EXTRACTED INFORMATION –
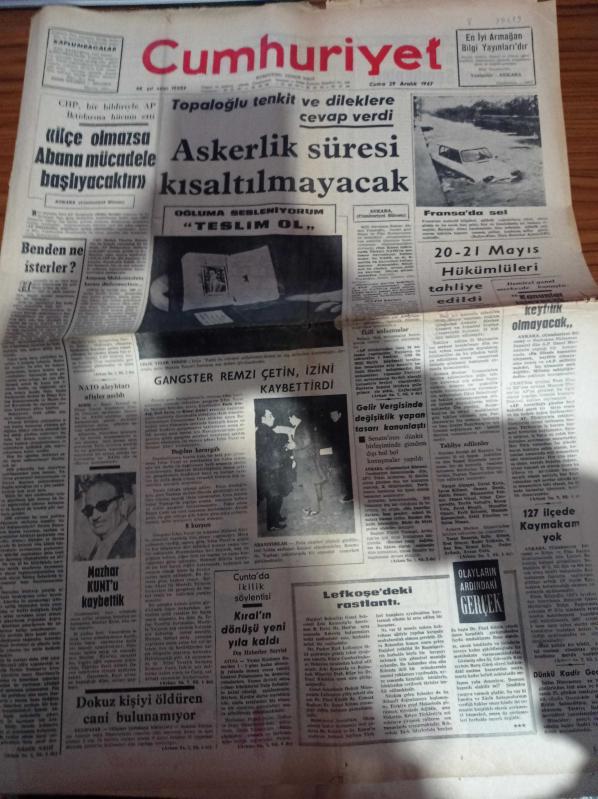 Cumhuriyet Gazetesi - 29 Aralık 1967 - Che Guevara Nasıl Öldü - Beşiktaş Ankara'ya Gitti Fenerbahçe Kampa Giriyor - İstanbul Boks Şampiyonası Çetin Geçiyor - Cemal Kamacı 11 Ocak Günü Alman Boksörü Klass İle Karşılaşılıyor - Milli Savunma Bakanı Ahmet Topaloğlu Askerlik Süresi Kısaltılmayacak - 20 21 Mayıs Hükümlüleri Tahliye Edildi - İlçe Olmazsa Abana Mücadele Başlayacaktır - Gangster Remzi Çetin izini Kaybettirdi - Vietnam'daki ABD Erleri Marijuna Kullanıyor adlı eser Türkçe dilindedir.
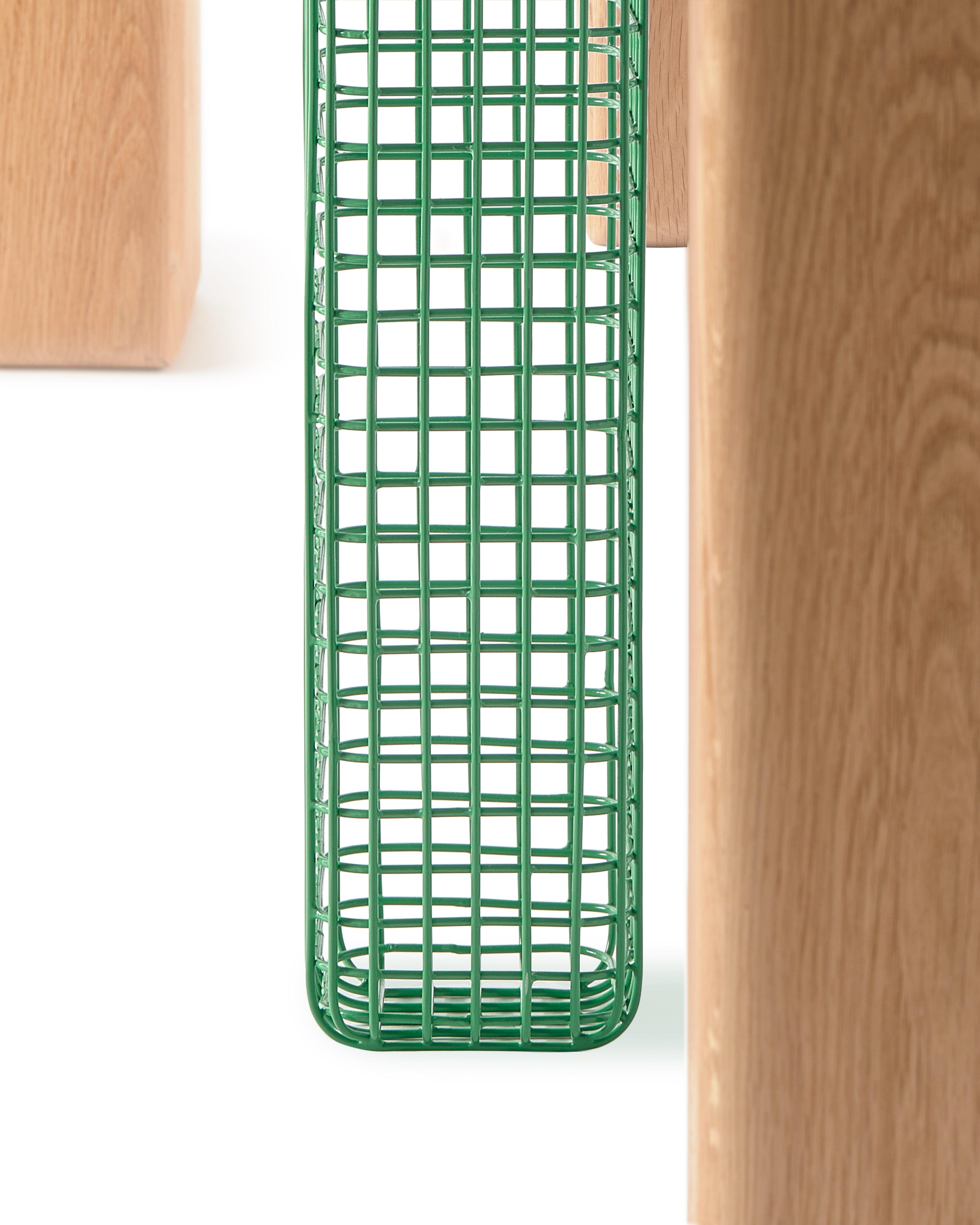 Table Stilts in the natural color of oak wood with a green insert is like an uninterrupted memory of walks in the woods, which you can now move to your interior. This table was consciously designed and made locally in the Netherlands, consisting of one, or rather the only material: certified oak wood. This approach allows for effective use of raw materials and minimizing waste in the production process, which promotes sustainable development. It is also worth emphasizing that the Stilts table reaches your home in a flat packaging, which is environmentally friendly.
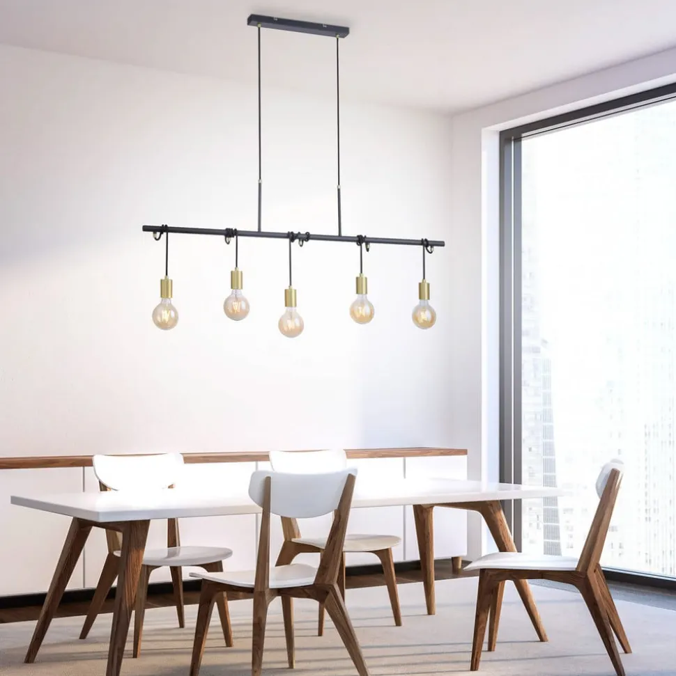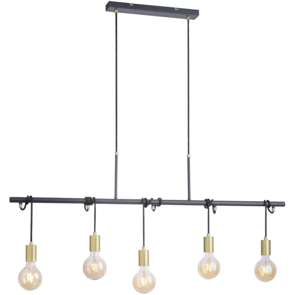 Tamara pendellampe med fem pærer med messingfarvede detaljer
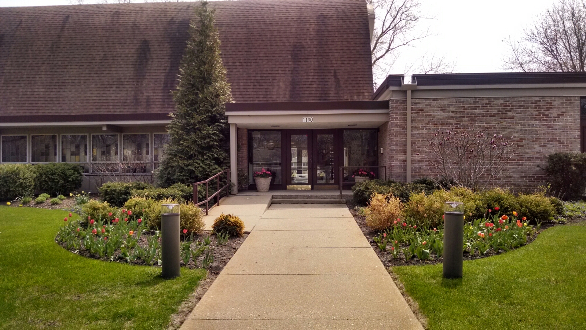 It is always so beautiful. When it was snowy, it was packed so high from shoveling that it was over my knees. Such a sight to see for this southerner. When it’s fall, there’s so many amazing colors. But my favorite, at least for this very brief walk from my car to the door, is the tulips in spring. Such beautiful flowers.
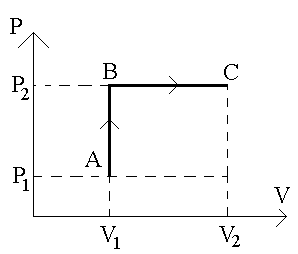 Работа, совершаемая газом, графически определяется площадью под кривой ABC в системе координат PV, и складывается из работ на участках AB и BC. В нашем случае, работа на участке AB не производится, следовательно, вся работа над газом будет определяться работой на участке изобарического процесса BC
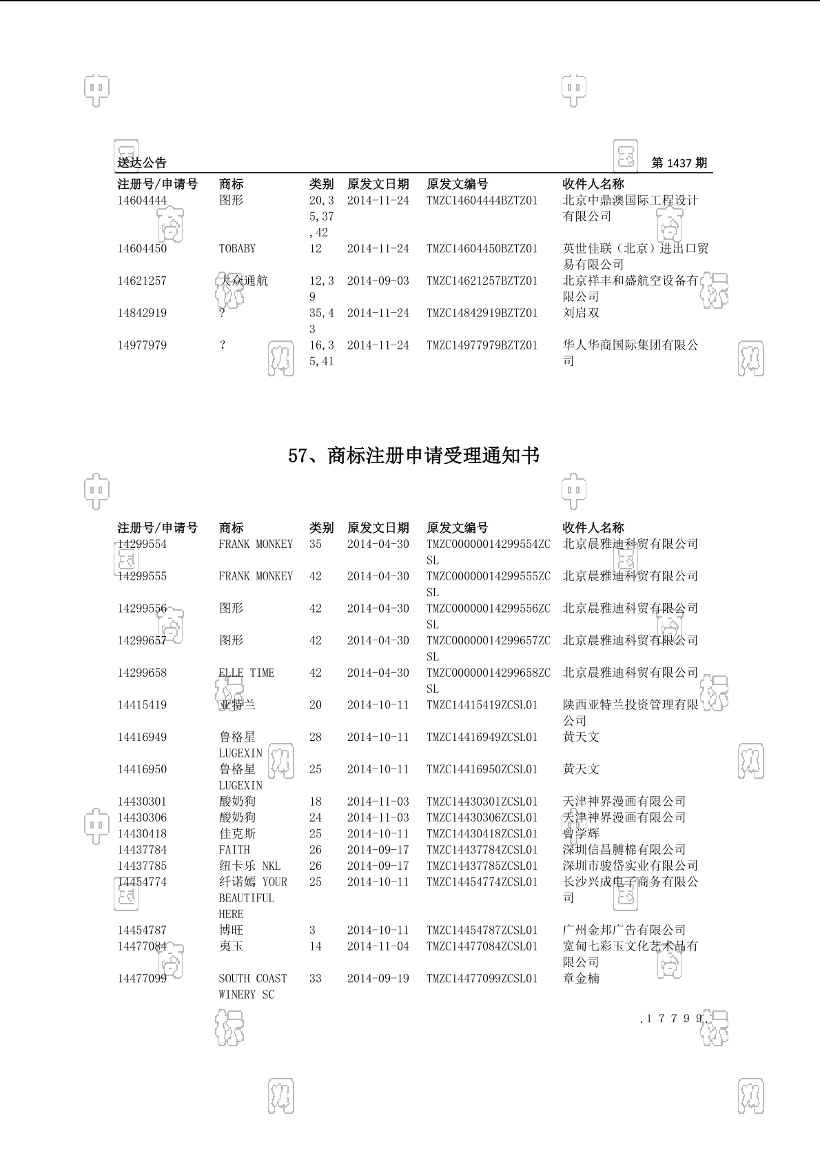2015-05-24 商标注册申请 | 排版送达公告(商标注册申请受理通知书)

EXERCISE DESCRIPTION – Using the data above, copy exactly the lines from the one containing "Table Stilts in" to the one containing "Tamara pendellampe med", inclusive. Exclude the pictures.

RESULT –
 Table Stilts in the natural color of oak wood with a green insert is like an uninterrupted memory of walks in the woods, which you can now move to your interior. This table was consciously designed and made locally in the Netherlands, consisting of one, or rather the only material: certified oak wood. This approach allows for effective use of raw materials and minimizing waste in the production process, which promotes sustainable development. It is also worth emphasizing that the Stilts table reaches your home in a flat packaging, which is environmentally friendly.
 Tamara pendellampe med fem pærer med messingfarvede detaljer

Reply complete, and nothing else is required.